Soy burgers and soymilk are also classified ultraprocessed foods, but in contrast to junk foods, these foods provide several nutrients. Furthermore, in contrast to soy burgers and soymilk, beef and cow’s milk are classified as unprocessed or minimally processed foods, even though the soy products and their animal product counterparts share many of the same nutritional attributes. For example, the amount, and the quality of protein, provided by a soy patty and a beef patty are similar.[4] And the amount of protein[4] and the amount of bioavailable calcium[5],[6] provided by cow’s milk and calcium-fortified soymilk are similar.  

The similarity between cow’s milk and soymilk accounts for why in the just–released 2020-2025 US Dietary Guidelines, it states “For individuals who choose dairy alternatives, fortified soy beverages (commonly known as ‘soy milk’) and soy yogurt—which are fortified with calcium, vitamin A and vitamin D—are included as part of the dairy group because they are similar to milk and yogurt based on nutrient composition and in their use in meals.” The other plant-based milks are not recommended as replacements for cow’s milk.

While it is true that some soymilks contain added sugar, cow’s milk is naturally rich in milk sugar, which some people are unable to digest and can result in gastrointestinal disturbances.[7]  And while beef protein and soy protein are both high quality proteins, soy protein lowers blood cholesterol.[8]  Also, in comparison to many other sources of protein, soy protein is very efficiently produced,[9] resulting in reduced greenhouse gas emissions.[10]

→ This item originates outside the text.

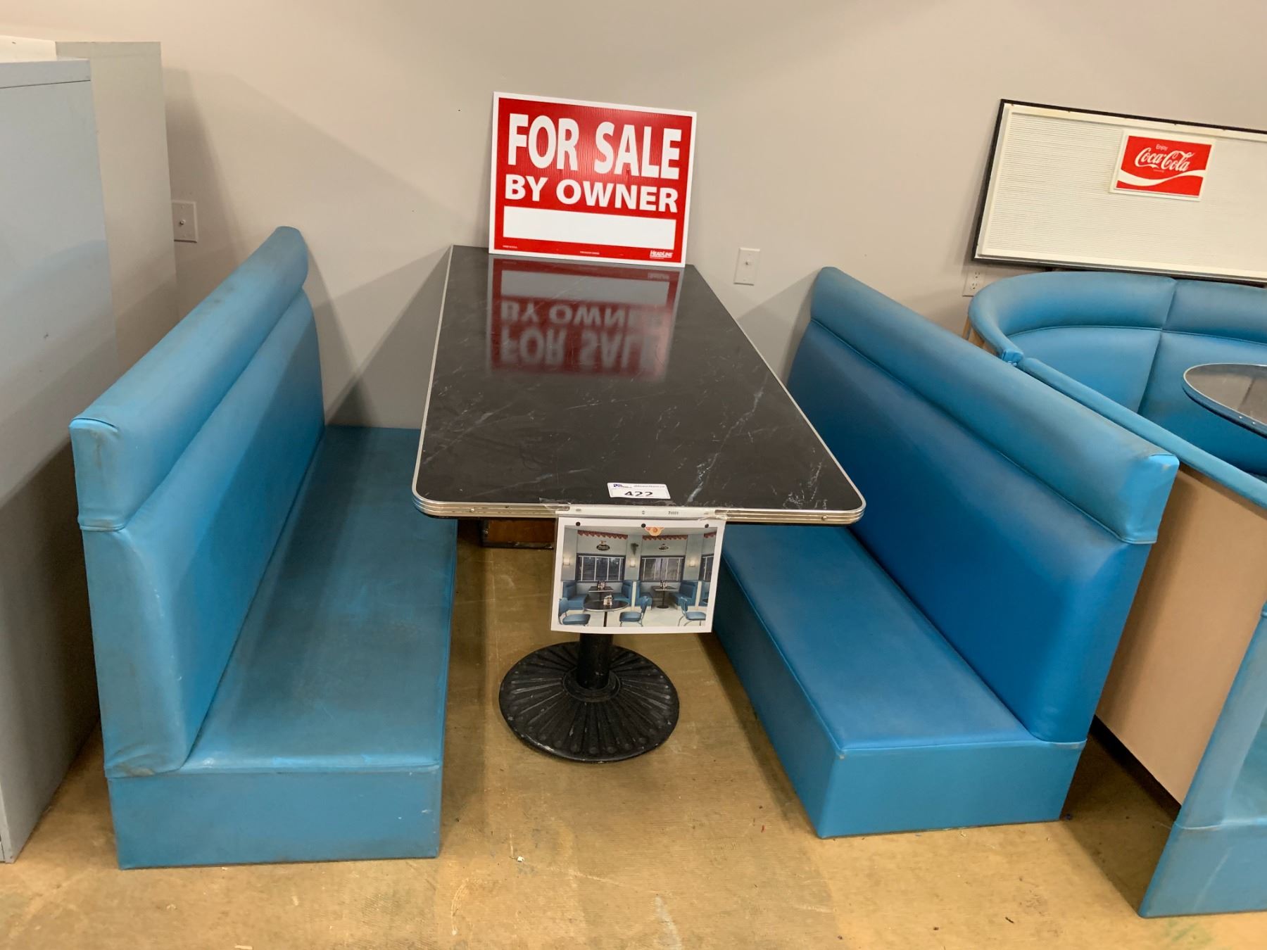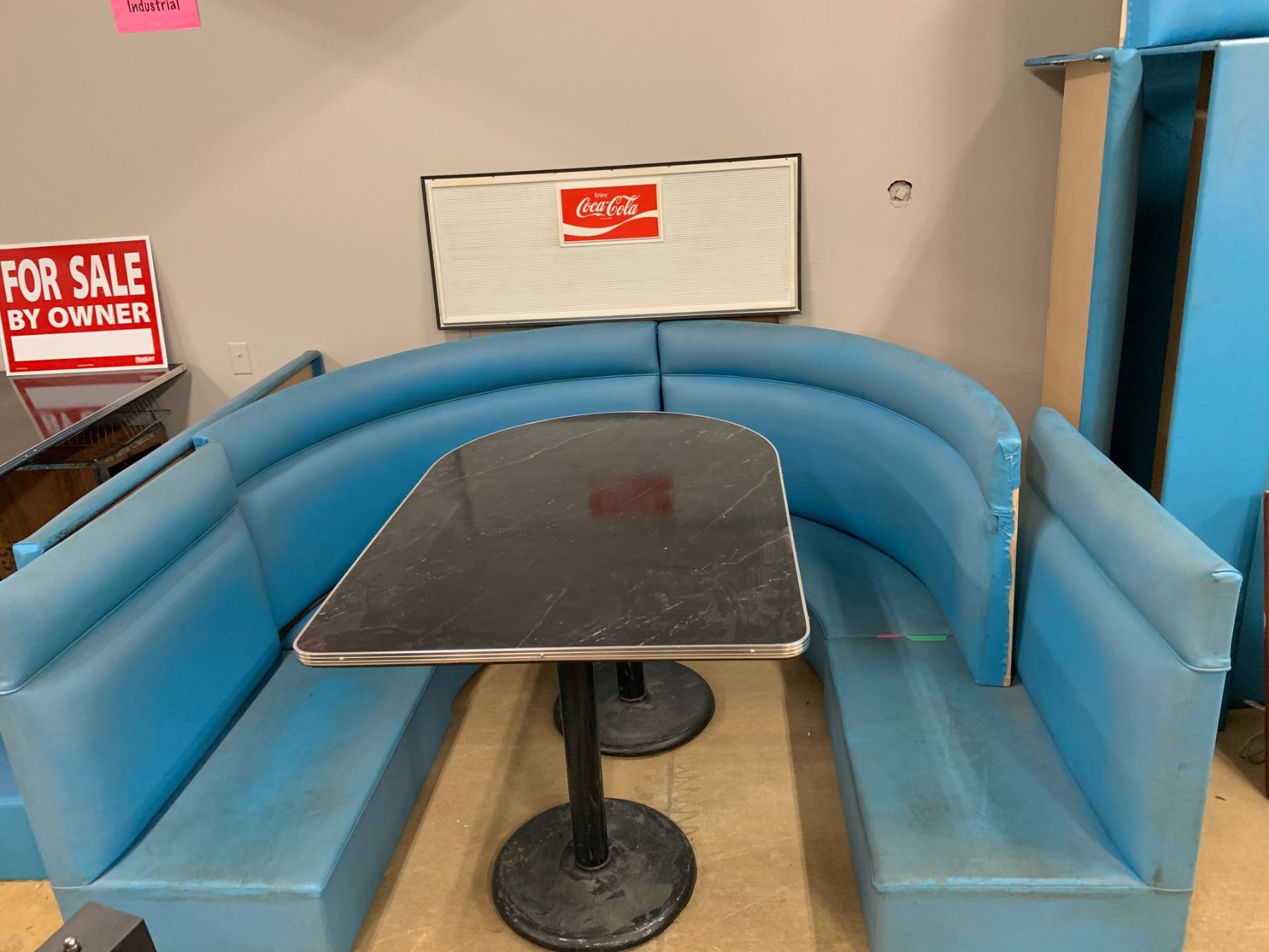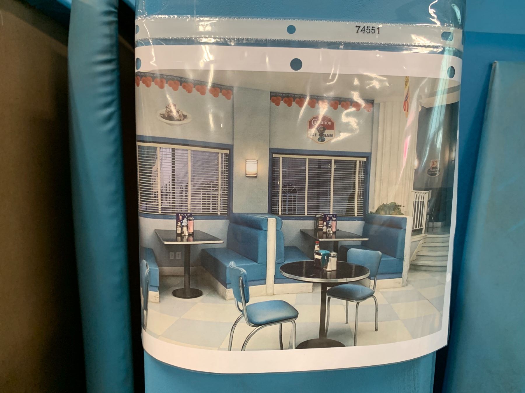 ASSORTED DINER FURNITURE INCLUDING; BOOTH SEATS, TABLES & LIGHT BOX (MUST TAKE ALL)

Finally, new research from the University of Illinois helps to address concerns about processed soy.[11] This study is especially notable because of its duration – 2 years— and its size, with more than 150 participants. The men in this study consumed daily either about 20 grams of soy protein or 20 grams of milk protein (casein). There was no effect of soy protein on testosterone levels. Over the years concerns had been raised that soy could lower testosterone levels and as a result, feminize men. However, this study, along with a statistical analysis of more than 40 human studies published early this year, shows this is not the case.[12]